Exercise data:
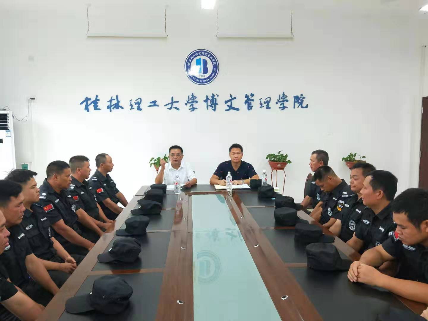 培训会上,刘绍鸿大队长首先组织大家学习了各岗位的工作职责、公司管理规定和奖惩办法,明确了需要注意的事项,并强调了暑假期间学校的保卫工作。主任从“要熟悉岗位职责、要掌握基本技能、要有一定的吃苦精神、要有强烈的纪律意识、要时刻注意自身形象、要树立以校为家的观念”六个方面提出了具体的要求。培训会结束后,刘绍鸿大队长还组织了队列动作、安保器材的使用、灭火操作等方面的培训,对队员快速处理突发事件进行了检验考核。
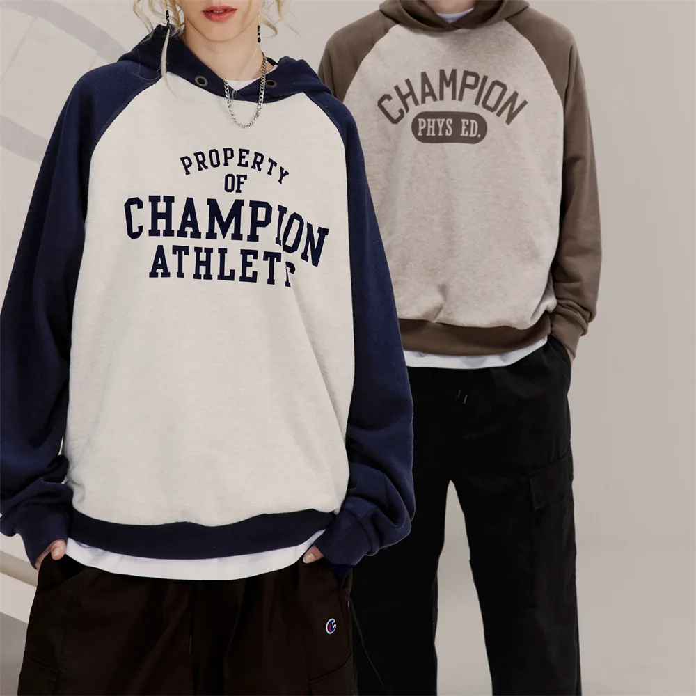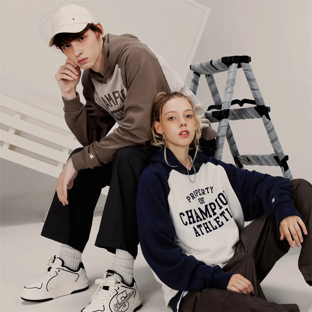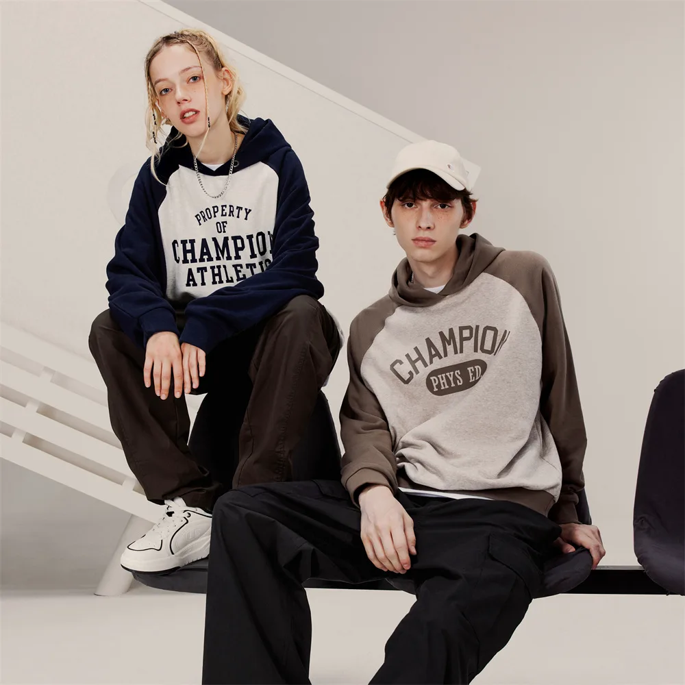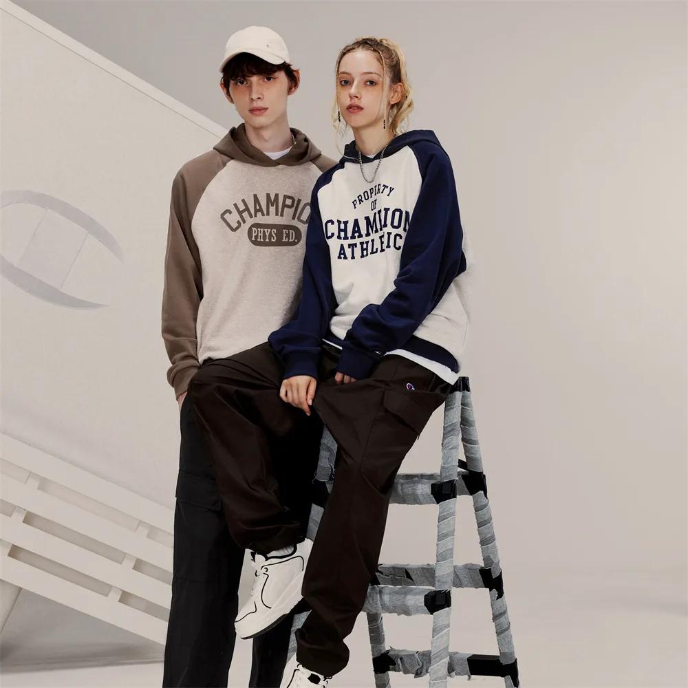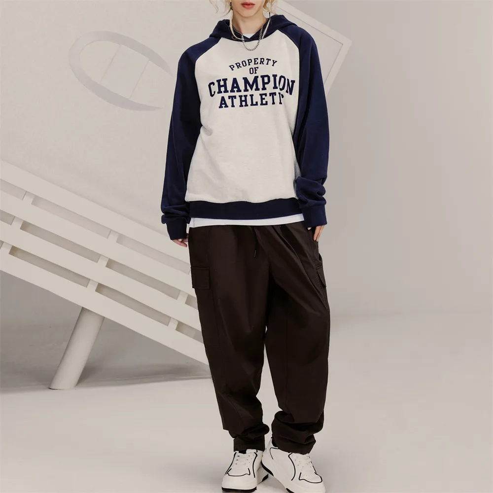 Толстовка Unisex Hooded Moderate Regular Champion, белый синий patchwork
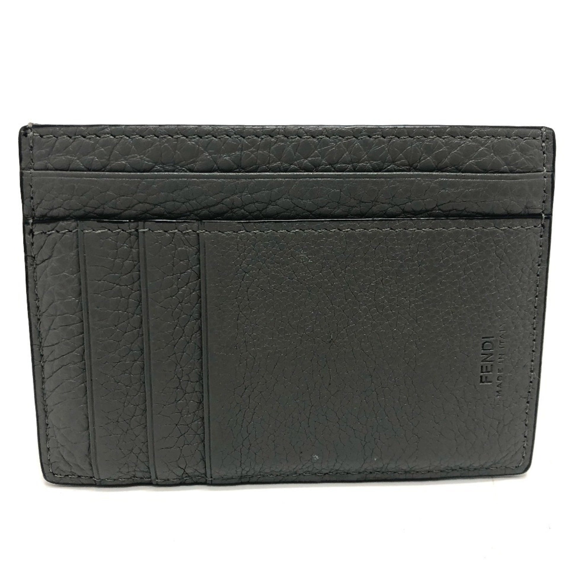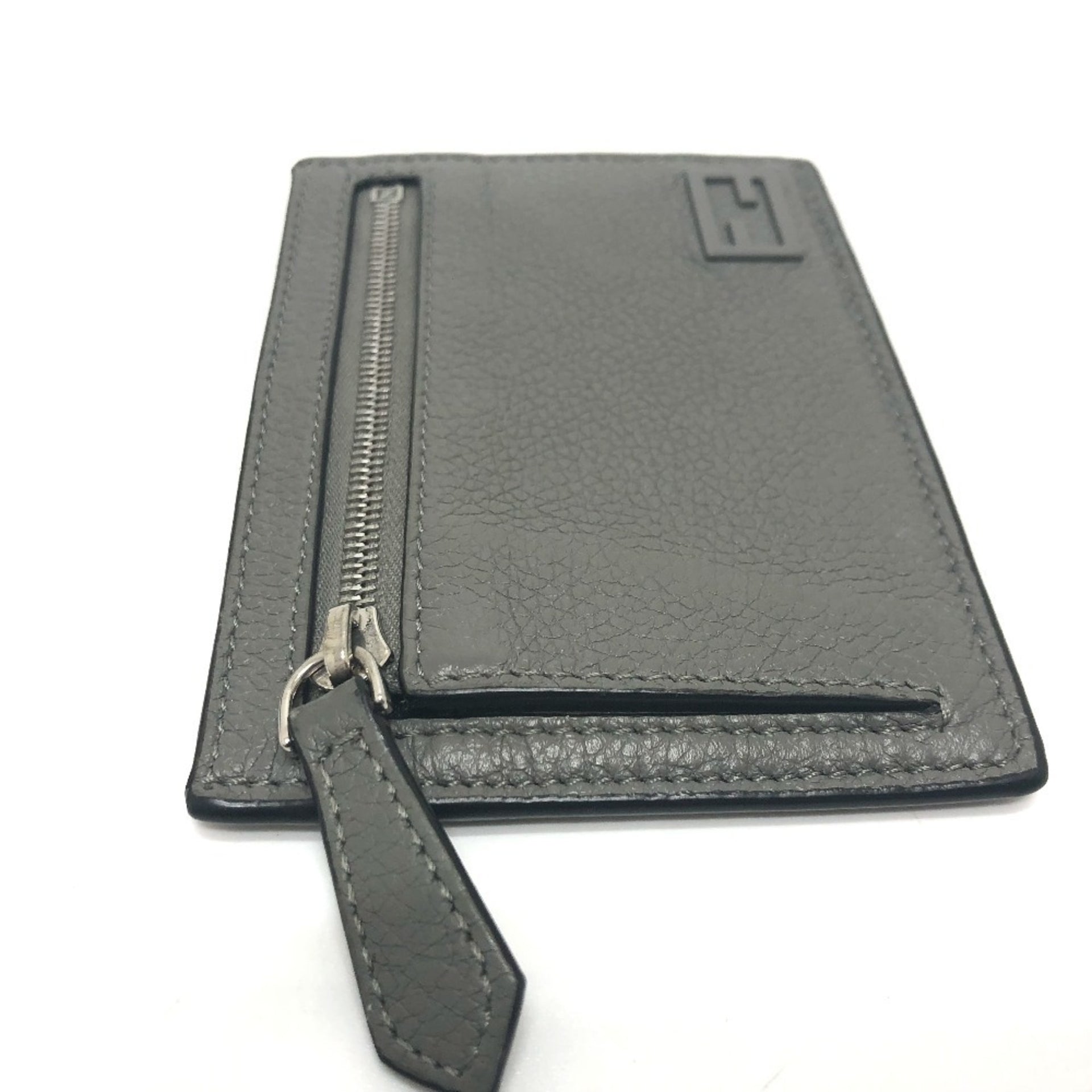 FENDI 7M0310 FF Baguette Coin Case, Card Leather, Men\'s, Gray
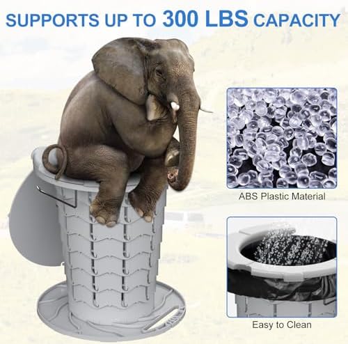 - STURDY & DURABLE MATERIAL: The side panels of porta potty travel toilet is made of modified ABS plastic material with 70 latches and non-slip bases for stability. Its extremely portable design makes it the best camping potty, offering home comfort in a compact, washable, and sturdy form that can support up to 300 LBS. Our travel potty for adults comes with a waterproof handy bag for easy storage and transport and comes with two roll toilet bags.
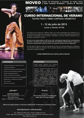 Por décimo año consecutivo, MOVEO ofrece un curso internacional con la intención de formar al participante en los principios más importantes del mimo corporal dramático en un ambiente multicultural y creativo.
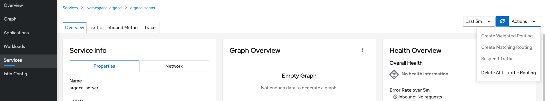 또한 설정에 따라서는 Kiali 대시보드에서 istio destination rule이나 virtual service에서 설정하듯 네트워크 라우팅에 대한 제어를 넣어줄 수 있습니다.
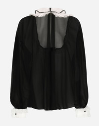 In the “WOMAN SS 24” Collection, the imagery of old Sicily interacts with the masculine, with sensual shapes, lace, nude tones and delicate overlays, to create pieces that move amid clean silhouettes, the elegance of the 1960s, the contrasts of black and white and luxurious textures. The designers are reworking their signature style and their iconic Sicilia black color to convey an aware, seductive and confident Sicilian WOMAN who is imbued with sensuality. Silk chiffon shirt with shirt front and organza cuffs: • Black • Organza neck and cuffs • Long sleeves • Regular fit • Unlined • Button fastenings • The piece measures 65 cm from the center back on a size IT 40 • The model is 175 cm tall and wears a size IT 40 • Made in Italy External composition: 90% Silk 08% Cotton 02% Polyamide
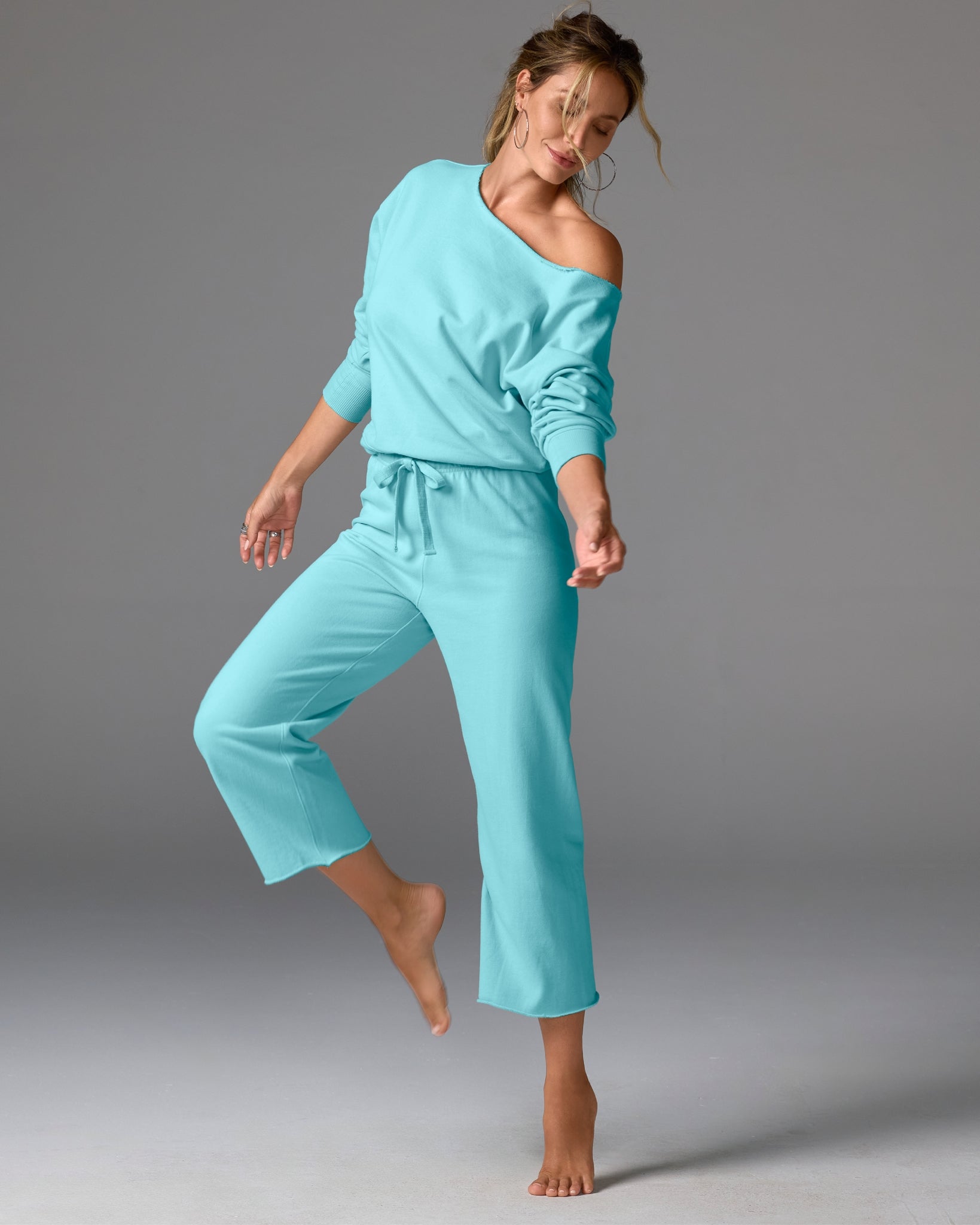 Cotton Comfort Wide Leg Lounge Pant Aqua Splash
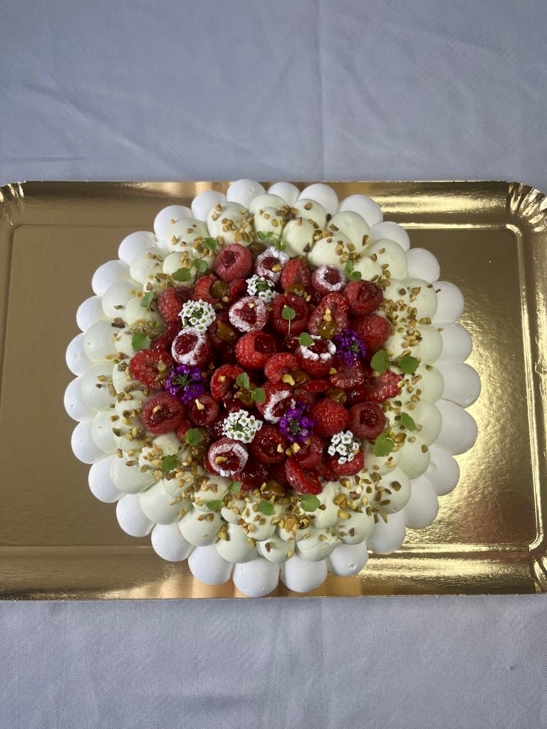 Cette pavlova vous offre un moment de légèreté pour finir votre repas festif. Retrouvez ses framboises fraîches, sa crème onctueuse à la pistache et sa meringue craquante à l’extérieur et moelleuse à l’intérieur.
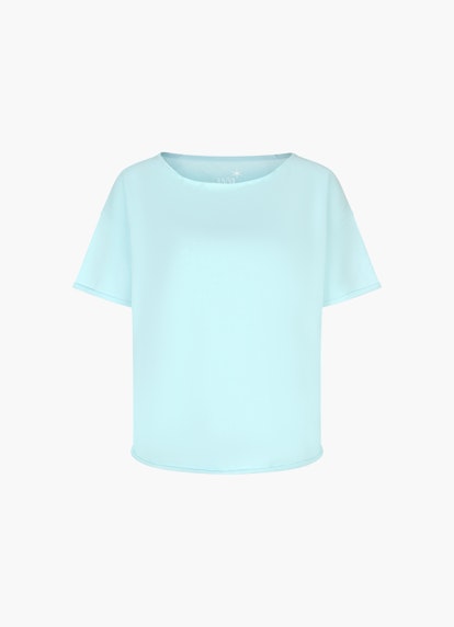 This short-sleeved sweater in aqua is a versatile styling piece. It is made of light fleece and cut in a modern oversized silhouette with a coherent dropped shoulder fit. Rolled edges add a casual twist.
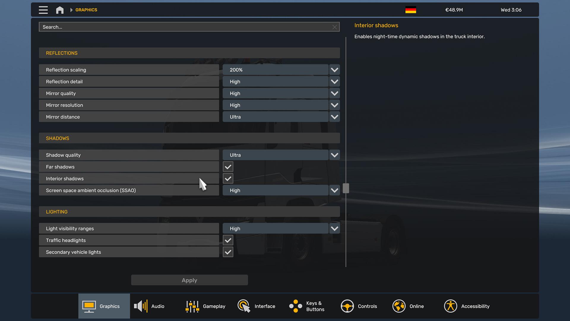 通過新的機艙陰影改善,晚上開車也會更好。卡車的內部陰影具有內部陰影調整器。這可以調整車輛外部的光線與機艙的相互作用,從而使其看起來更現實。
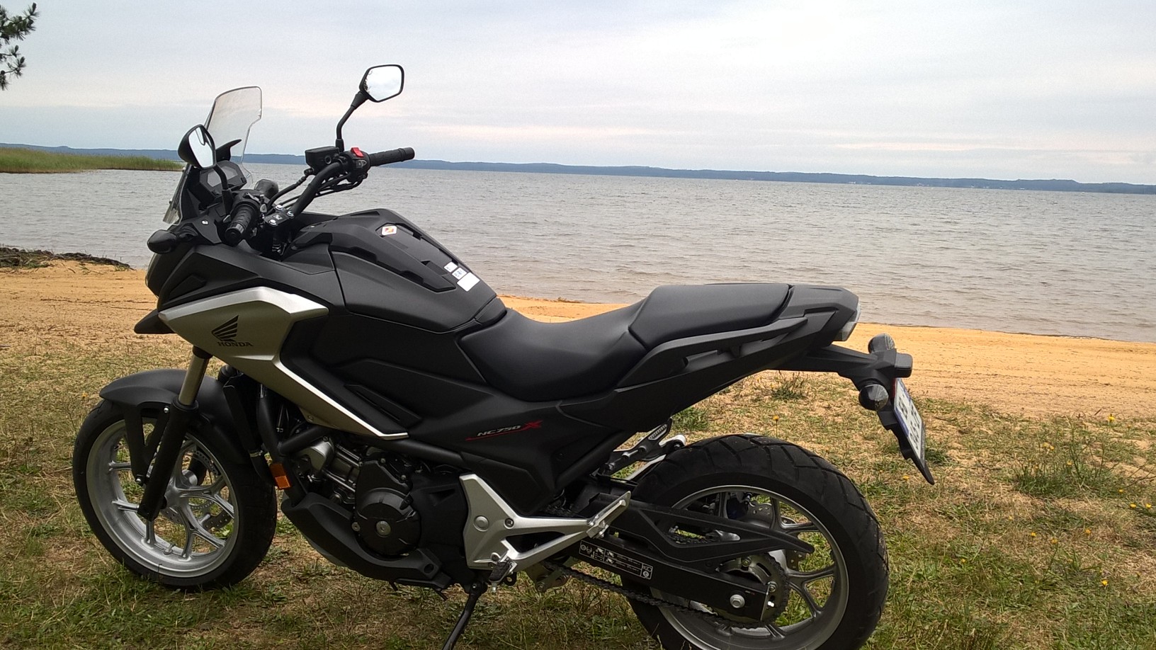 petite ballade dans les Landes au bord du lac de Cazaux pour faire les 1000 kms, j'ai rv jeudi chez Honda; elle sera alors équipée comme sur le site Honda, valises, top, béquille et pare carter!
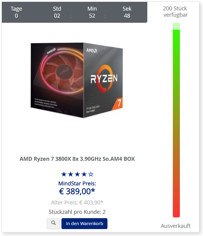 Der 3700X sollte mit der TDP von 65W eigentlich gar kein X im Namen haben, weil das ein eher auf Effizienz optimiertes Modell ist. Bei AMD gab es wohl auch schon einen 3700 im Portfolio und es stellt sich die Frage, ob das der gleiche Prozessor war, nur mit anderem Namen. Letztendlich haben sie wohl die Takte etwas höher gewählt, weil es beim guten Yield des neuen 7nm-Prozesses wider Erwarten ging, und dann haben sie das X an den Namen gepackt. Letztendlich kannibalisiert der damit aber den 3800X, denn...

Task: Please produce an exact copy of the listing, omitting the pictures.

Solution:
 培训会上,刘绍鸿大队长首先组织大家学习了各岗位的工作职责、公司管理规定和奖惩办法,明确了需要注意的事项,并强调了暑假期间学校的保卫工作。主任从“要熟悉岗位职责、要掌握基本技能、要有一定的吃苦精神、要有强烈的纪律意识、要时刻注意自身形象、要树立以校为家的观念”六个方面提出了具体的要求。培训会结束后,刘绍鸿大队长还组织了队列动作、安保器材的使用、灭火操作等方面的培训,对队员快速处理突发事件进行了检验考核。
 Толстовка Unisex Hooded Moderate Regular Champion, белый синий patchwork
 FENDI 7M0310 FF Baguette Coin Case, Card Leather, Men\'s, Gray
 - STURDY & DURABLE MATERIAL: The side panels of porta potty travel toilet is made of modified ABS plastic material with 70 latches and non-slip bases for stability. Its extremely portable design makes it the best camping potty, offering home comfort in a compact, washable, and sturdy form that can support up to 300 LBS. Our travel potty for adults comes with a waterproof handy bag for easy storage and transport and comes with two roll toilet bags.
 Por décimo año consecutivo, MOVEO ofrece un curso internacional con la intención de formar al participante en los principios más importantes del mimo corporal dramático en un ambiente multicultural y creativo.
 또한 설정에 따라서는 Kiali 대시보드에서 istio destination rule이나 virtual service에서 설정하듯 네트워크 라우팅에 대한 제어를 넣어줄 수 있습니다.
 In the “WOMAN SS 24” Collection, the imagery of old Sicily interacts with the masculine, with sensual shapes, lace, nude tones and delicate overlays, to create pieces that move amid clean silhouettes, the elegance of the 1960s, the contrasts of black and white and luxurious textures. The designers are reworking their signature style and their iconic Sicilia black color to convey an aware, seductive and confident Sicilian WOMAN who is imbued with sensuality. Silk chiffon shirt with shirt front and organza cuffs: • Black • Organza neck and cuffs • Long sleeves • Regular fit • Unlined • Button fastenings • The piece measures 65 cm from the center back on a size IT 40 • The model is 175 cm tall and wears a size IT 40 • Made in Italy External composition: 90% Silk 08% Cotton 02% Polyamide
 Cotton Comfort Wide Leg Lounge Pant Aqua Splash
 Cette pavlova vous offre un moment de légèreté pour finir votre repas festif. Retrouvez ses framboises fraîches, sa crème onctueuse à la pistache et sa meringue craquante à l’extérieur et moelleuse à l’intérieur.
 This short-sleeved sweater in aqua is a versatile styling piece. It is made of light fleece and cut in a modern oversized silhouette with a coherent dropped shoulder fit. Rolled edges add a casual twist.
 通過新的機艙陰影改善,晚上開車也會更好。卡車的內部陰影具有內部陰影調整器。這可以調整車輛外部的光線與機艙的相互作用,從而使其看起來更現實。
 petite ballade dans les Landes au bord du lac de Cazaux pour faire les 1000 kms, j'ai rv jeudi chez Honda; elle sera alors équipée comme sur le site Honda, valises, top, béquille et pare carter!
 Der 3700X sollte mit der TDP von 65W eigentlich gar kein X im Namen haben, weil das ein eher auf Effizienz optimiertes Modell ist. Bei AMD gab es wohl auch schon einen 3700 im Portfolio und es stellt sich die Frage, ob das der gleiche Prozessor war, nur mit anderem Namen. Letztendlich haben sie wohl die Takte etwas höher gewählt, weil es beim guten Yield des neuen 7nm-Prozesses wider Erwarten ging, und dann haben sie das X an den Namen gepackt. Letztendlich kannibalisiert der damit aber den 3800X, denn...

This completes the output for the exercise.